At this, she fell silent. Perhaps it was because she was in Esther’s house, and could see that it was relatively humble compared to her own, but she felt suddenly that she had been very absorbed in her own concerns, and thought very little about how her friend might feel.

It was all very well, she now realized, for her to scorn the idea of stability, to dismiss it as a minor virtue to be sought after by those who lacked imagination.

But, Charity had to admit, she had never really feared poverty, the way she knew that her friend did. She had never known its sting, its indignity.

But she would be prepared to risk everything, even the humiliation of poverty, for the sake of her own independence and liberty of mind. In a way, it was liberating to know that, despite her father’s continued efforts to dominate her, she would always be able to walk away from him if she felt it be necessary.
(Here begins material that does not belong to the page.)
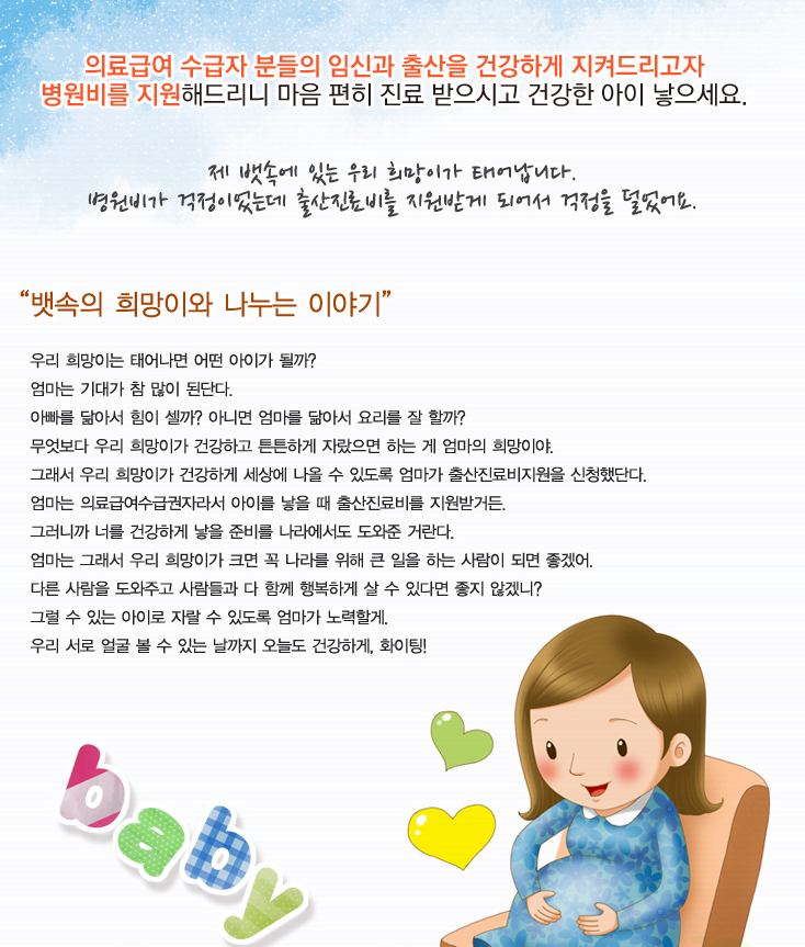 임신 증빙이 가능한 해당자에 한해 의료급여 수급권자의 임신과 출산에 필요한 의료비를 지원하는 사업입니다.

“Do not be embarrassed, Charity,” Esther said, apparently sensing the thoughts of her friend. “I can tell that you do not wish to marry Mr. Edwards, and there is no shame in that wish. What I would say to you, however, is that you should not heap scorn upon those whose choices do not precisely resonate with your own.”

Charity nodded. Her friend was right, as she so often was.

* * *

Returning to the vicarage, Charity caught sight of a figure emerging from the churchyard and stopped dead.

It was Mr. Harding.

He was strolling slowly, and even from a distance, she could see the look of intense preoccupation on his face. Charity stood frozen for a second, unsure of what she might best do. Ought she acknowledge him and act like they were nothing more than acquaintances? Certainly, she could not snub him.

For a few moments, she panicked, and then made a hasty decision and stepped into the shadow of a nearby tree.

A coward’s choice, she thought ironically, but, nonetheless, I think, probably the wisest course of action.

From her hidden vantage, she was able to look at Mr. Harding without him looking at her. She took in all the details of him that had preoccupied her so — the tall and slim frame, the broad shoulders, the decisive step.

She looked at him and knew that, despite all the reasons why it should not, her heart still longed for him.

She waited in the shadow of the tree for a long while, until she was quite sure that he had gone away, and then stepped out of her hiding place. Her heart was pounding so hard that she could feel the beat of the blood in her fingertips.

How could a man she knew — or at least, believed — to have done such terrible things make her feel the way that he did? It made her realize with a wave of sadness, that perhaps her heart was not to be trusted. Maybe from now on, she would be wiser to use her head only, as it was clear to her that her feelings were capable of betraying her.

She thought back to Esther, how she had chided her for her dismissal of Mr. Edwards. Perhaps, she thought, she would do better to discard her strong feelings, since they were so obviously failing her. Perhaps she ought to change the way she felt about things like love and marriage.

Perhaps she ought to give Mr. Edwards a chance.

She stood outside her house for a very long while. She did not wish to go in, feeling as soon as she did, the weight of her father’s expectation would be heaped upon her once again, and she did not know if she could bear its crush.

All at once, she felt exhausted, as if all the suffering and revelation of the recent days had been a form of physical exertion. She went inside to rest, and when she lay down, she fell immediately into a sleep filled with dreams of young men shifting shapes, from Mr. Harding turning into Mr. Edwards and back again.